[Records from a dataset]
- Opening Delimiter -
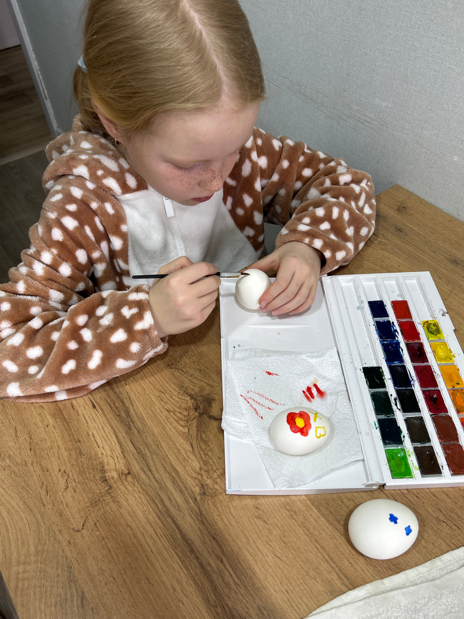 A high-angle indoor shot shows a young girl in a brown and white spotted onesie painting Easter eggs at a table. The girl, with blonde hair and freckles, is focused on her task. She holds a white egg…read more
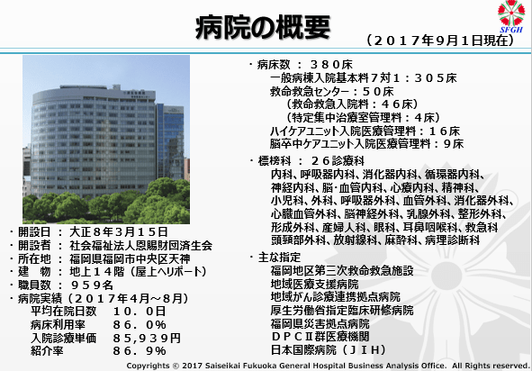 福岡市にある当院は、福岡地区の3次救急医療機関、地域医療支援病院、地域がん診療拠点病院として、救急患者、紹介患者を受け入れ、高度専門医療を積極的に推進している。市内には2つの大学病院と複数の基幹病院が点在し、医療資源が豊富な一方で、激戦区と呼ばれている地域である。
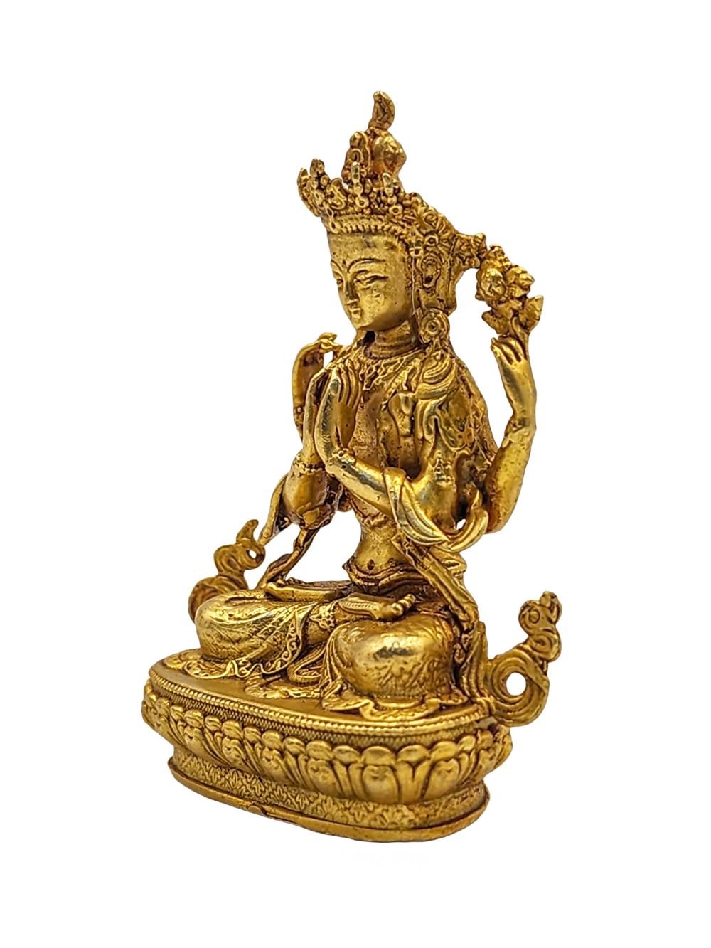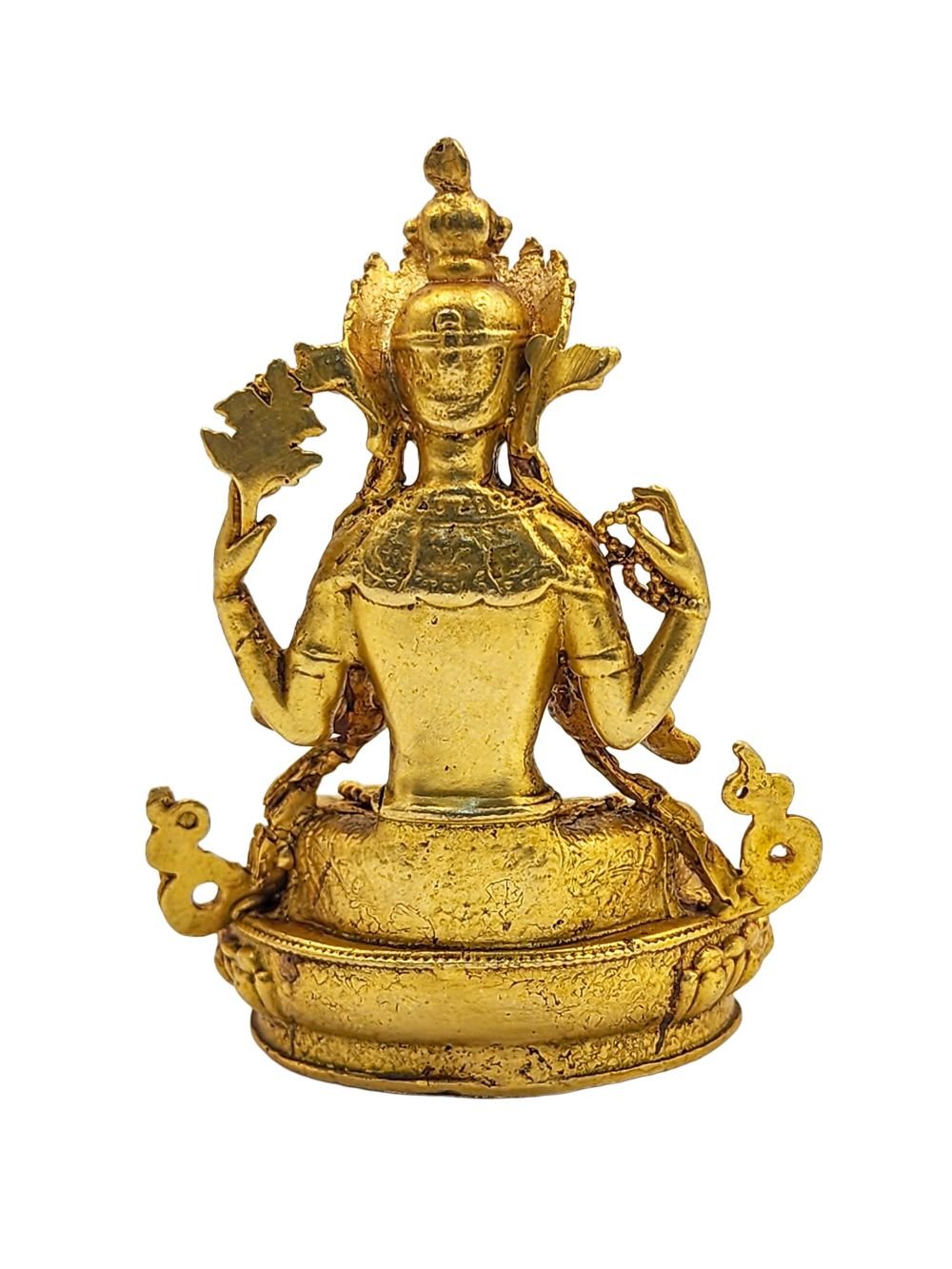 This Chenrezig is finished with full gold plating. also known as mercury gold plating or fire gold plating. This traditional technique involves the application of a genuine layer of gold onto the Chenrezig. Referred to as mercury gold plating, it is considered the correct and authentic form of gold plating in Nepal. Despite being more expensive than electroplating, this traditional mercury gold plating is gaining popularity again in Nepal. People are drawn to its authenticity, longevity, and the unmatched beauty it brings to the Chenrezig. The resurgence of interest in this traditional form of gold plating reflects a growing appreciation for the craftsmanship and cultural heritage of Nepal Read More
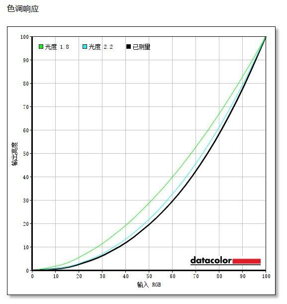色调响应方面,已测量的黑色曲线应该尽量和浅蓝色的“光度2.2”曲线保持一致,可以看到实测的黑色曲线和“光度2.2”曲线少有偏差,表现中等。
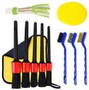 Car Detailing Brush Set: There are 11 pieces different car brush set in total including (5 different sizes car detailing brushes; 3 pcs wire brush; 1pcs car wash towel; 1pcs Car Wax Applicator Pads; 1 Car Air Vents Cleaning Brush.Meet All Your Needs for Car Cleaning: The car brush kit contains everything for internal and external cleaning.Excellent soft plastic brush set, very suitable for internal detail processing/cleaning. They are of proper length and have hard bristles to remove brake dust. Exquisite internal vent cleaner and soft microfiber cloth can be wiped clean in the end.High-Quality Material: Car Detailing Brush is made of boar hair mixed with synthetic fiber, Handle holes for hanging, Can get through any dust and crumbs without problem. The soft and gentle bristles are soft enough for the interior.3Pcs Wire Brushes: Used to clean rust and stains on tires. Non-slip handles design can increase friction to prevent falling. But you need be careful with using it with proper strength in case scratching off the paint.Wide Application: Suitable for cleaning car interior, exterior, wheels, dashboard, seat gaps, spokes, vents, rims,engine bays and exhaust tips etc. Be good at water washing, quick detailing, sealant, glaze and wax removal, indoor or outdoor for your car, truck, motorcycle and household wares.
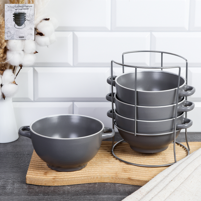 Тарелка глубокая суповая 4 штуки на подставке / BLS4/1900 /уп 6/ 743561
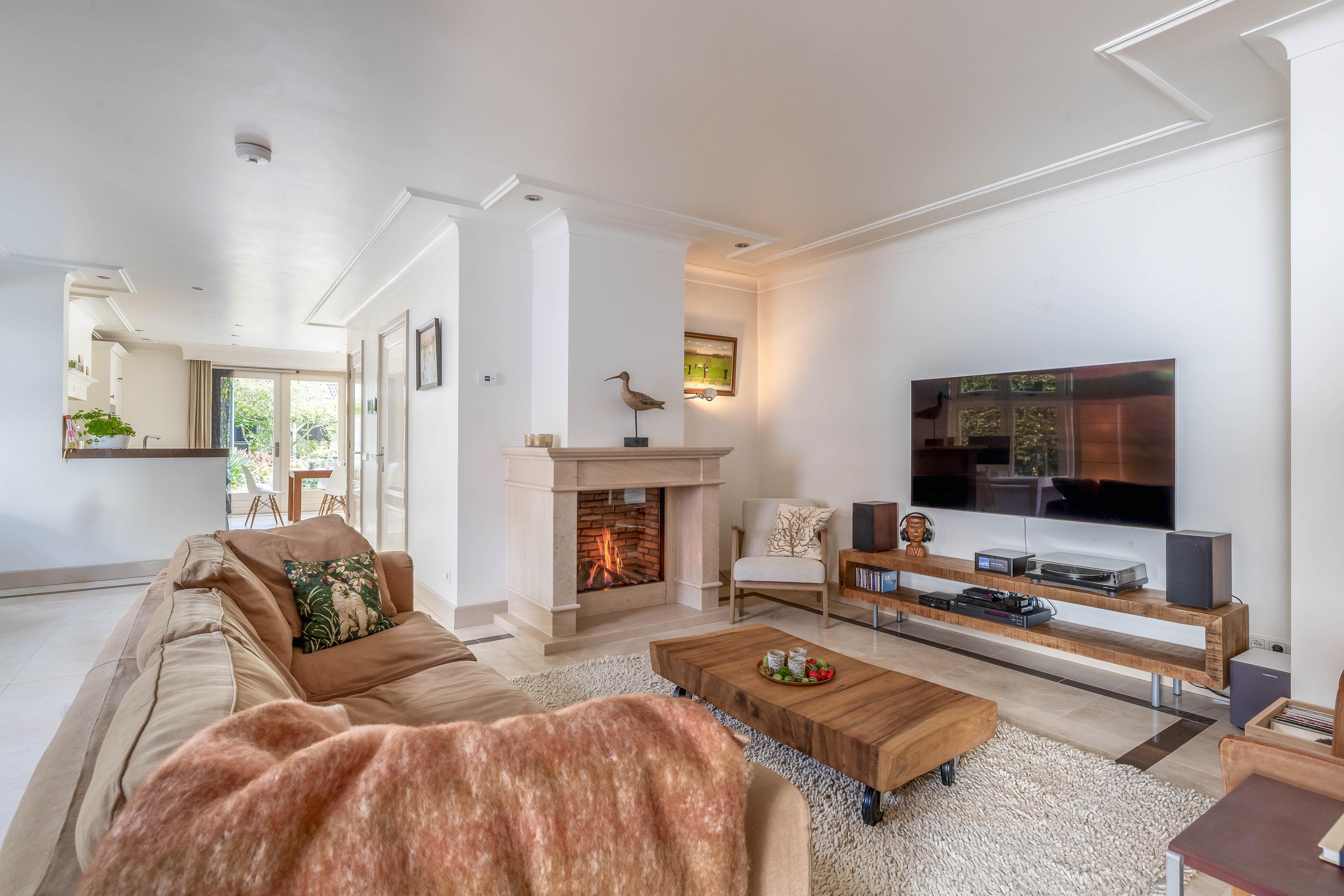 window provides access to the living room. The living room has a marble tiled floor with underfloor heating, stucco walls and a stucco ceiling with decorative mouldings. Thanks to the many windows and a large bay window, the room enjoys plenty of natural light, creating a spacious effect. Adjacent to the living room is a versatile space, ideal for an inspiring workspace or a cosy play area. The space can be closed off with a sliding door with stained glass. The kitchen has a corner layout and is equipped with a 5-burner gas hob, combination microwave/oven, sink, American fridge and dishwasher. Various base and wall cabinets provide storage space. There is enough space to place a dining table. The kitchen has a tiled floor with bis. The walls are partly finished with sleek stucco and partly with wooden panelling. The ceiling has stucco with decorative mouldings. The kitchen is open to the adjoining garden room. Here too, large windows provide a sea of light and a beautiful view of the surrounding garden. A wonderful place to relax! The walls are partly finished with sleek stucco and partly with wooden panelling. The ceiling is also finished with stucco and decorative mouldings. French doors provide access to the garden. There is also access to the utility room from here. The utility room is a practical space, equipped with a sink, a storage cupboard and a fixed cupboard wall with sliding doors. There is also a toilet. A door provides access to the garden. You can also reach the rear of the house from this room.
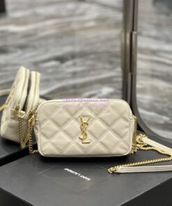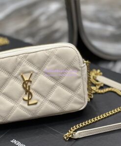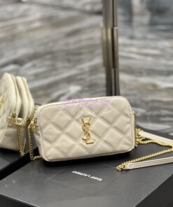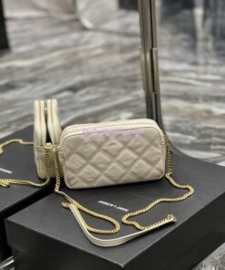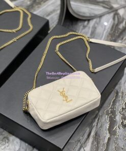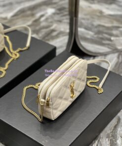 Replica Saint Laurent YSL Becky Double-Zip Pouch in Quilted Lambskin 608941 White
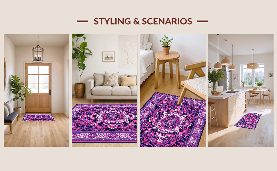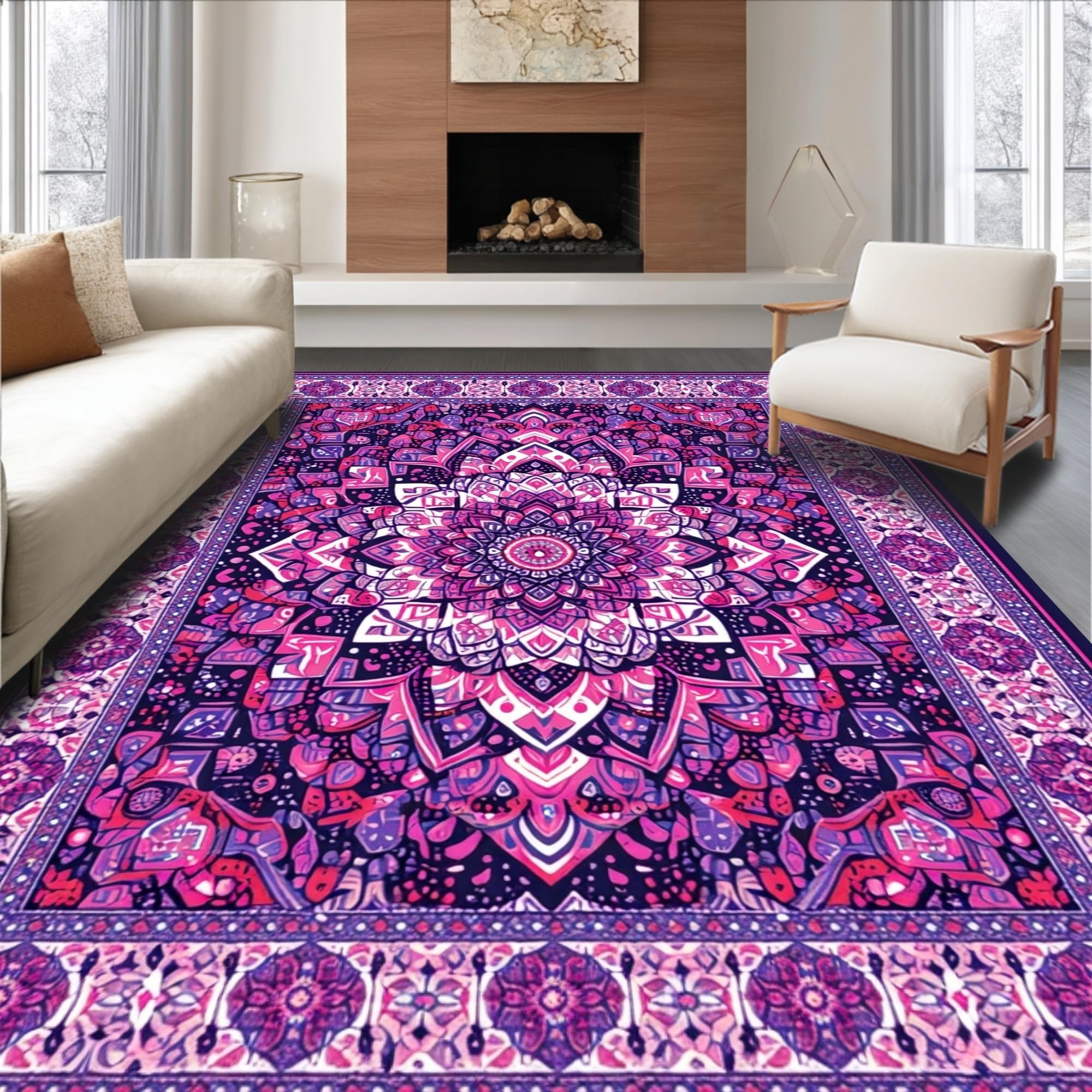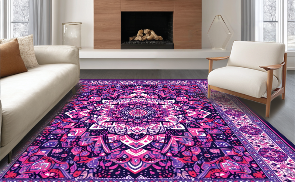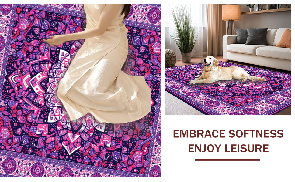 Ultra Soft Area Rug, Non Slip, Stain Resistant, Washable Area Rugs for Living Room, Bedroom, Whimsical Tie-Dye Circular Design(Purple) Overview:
- Closing Delimiter -
• _Problem requirements_:
With the pictures removed, print only the lines starting at the line that has "福岡市にある当院は、福岡地区" and ending at the line that has "色调响应方面,已测量的黑色曲", both ends included, exactly as they stand above.

• _Result_:
 福岡市にある当院は、福岡地区の3次救急医療機関、地域医療支援病院、地域がん診療拠点病院として、救急患者、紹介患者を受け入れ、高度専門医療を積極的に推進している。市内には2つの大学病院と複数の基幹病院が点在し、医療資源が豊富な一方で、激戦区と呼ばれている地域である。
 This Chenrezig is finished with full gold plating. also known as mercury gold plating or fire gold plating. This traditional technique involves the application of a genuine layer of gold onto the Chenrezig. Referred to as mercury gold plating, it is considered the correct and authentic form of gold plating in Nepal. Despite being more expensive than electroplating, this traditional mercury gold plating is gaining popularity again in Nepal. People are drawn to its authenticity, longevity, and the unmatched beauty it brings to the Chenrezig. The resurgence of interest in this traditional form of gold plating reflects a growing appreciation for the craftsmanship and cultural heritage of Nepal Read More
色调响应方面,已测量的黑色曲线应该尽量和浅蓝色的“光度2.2”曲线保持一致,可以看到实测的黑色曲线和“光度2.2”曲线少有偏差,表现中等。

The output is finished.